Personal information
- Full name: John Martin Wallace
- Date of birth: 13 April 1911
- Place of birth: Deantown, Scotland
- Date of death: 5 September 1978 (aged 67)
- Place of death: Wallyford, Scotland
- Height: 6 ft 0 in (1.83 m)
- Position(s): Goalkeeper

Youth career
- Wallyford Bluebell

Senior career*
- Years: Team / Apps / (Gls)
- 1931–1934: Raith Rovers / 107 / (0)
- 1934–1948: Blackpool / 243 / (0)
- 1948: Derby County / 16 / (0)
- 1948: Leith Athletic

= Jock Wallace Sr. =

Scottish footballer

John Martin Wallace (13 April 1911 – 5 September 1978) was a Scottish professional football goalkeeper.

He began his senior career at Raith Rovers, before moving south of the border in March 1934 to join compatriot Sandy MacFarlane's Blackpool. He made his debut at Lincoln City on 17 February 1934 and became almost an ever-present, remaining at the club for fourteen years and notching up 243 league appearances for the Tangerines. During the Second World War, he appeared as a guest player for Dumbarton in the unofficial competitions of the time.
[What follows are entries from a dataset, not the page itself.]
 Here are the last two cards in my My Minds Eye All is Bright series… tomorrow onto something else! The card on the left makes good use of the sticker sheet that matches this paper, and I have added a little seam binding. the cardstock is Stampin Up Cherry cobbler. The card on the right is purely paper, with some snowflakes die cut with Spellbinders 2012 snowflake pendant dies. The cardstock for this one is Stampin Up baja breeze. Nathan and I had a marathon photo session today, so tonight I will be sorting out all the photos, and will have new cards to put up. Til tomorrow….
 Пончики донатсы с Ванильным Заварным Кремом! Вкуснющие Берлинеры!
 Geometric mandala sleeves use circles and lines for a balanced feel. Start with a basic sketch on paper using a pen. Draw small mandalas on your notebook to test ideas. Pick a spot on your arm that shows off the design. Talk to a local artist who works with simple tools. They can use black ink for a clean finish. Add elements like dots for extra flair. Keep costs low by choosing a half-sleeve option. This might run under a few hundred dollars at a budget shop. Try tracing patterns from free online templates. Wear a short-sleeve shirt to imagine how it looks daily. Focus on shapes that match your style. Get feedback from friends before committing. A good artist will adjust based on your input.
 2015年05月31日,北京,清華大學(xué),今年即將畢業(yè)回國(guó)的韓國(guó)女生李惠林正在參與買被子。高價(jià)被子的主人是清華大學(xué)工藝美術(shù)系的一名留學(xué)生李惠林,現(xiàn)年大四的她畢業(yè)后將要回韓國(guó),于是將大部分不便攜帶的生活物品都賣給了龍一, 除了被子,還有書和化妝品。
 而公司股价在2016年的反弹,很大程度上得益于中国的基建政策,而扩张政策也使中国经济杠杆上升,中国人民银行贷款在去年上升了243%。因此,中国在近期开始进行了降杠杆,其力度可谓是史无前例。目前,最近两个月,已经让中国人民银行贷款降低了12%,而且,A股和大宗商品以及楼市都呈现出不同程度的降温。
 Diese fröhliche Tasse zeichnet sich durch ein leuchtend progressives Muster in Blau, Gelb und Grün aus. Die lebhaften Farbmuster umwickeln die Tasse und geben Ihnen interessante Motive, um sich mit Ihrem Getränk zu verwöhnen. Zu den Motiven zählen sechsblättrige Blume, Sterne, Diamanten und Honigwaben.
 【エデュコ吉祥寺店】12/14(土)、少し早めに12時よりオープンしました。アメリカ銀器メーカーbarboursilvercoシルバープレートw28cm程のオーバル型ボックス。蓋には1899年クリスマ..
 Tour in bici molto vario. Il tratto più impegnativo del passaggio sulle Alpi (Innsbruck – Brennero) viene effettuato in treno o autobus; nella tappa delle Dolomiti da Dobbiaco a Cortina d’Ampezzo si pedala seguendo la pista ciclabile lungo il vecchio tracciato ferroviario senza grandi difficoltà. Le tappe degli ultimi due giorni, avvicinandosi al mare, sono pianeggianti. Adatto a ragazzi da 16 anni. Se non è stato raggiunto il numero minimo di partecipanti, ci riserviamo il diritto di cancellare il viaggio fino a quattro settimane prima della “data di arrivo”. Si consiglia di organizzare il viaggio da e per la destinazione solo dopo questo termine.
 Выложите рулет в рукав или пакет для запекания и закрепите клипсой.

On more than one occasion, the Scot fell out with the Blackpool board or management, and on one occasion he refused to join the team to play Leeds United in the FA Cup. He was replaced by his understudy, Joe Robinson. Wallace's argument was over contractual terms, and he eventually joined Derby County for a nominal £500 fee in February 1948. The Rams had a goalkeeping crisis, and Wallace, who was not cup-tied, played in the FA Cup sixth round and semi-finals. Derby were knocked out, and it was Blackpool who went on to Wembley from the other semi-final.

His job done, Wallace left Derby for Leith Athletic in August 1948, returning to his hometown of Edinburgh, where he had guested for Leith's rivals St Bernard's during the war.

His son, Jock Wallace Jr., also played as a goalkeeper and managed Rangers, Leicester City and Sevilla. Wallace Sr died in 1978 at the age of 67.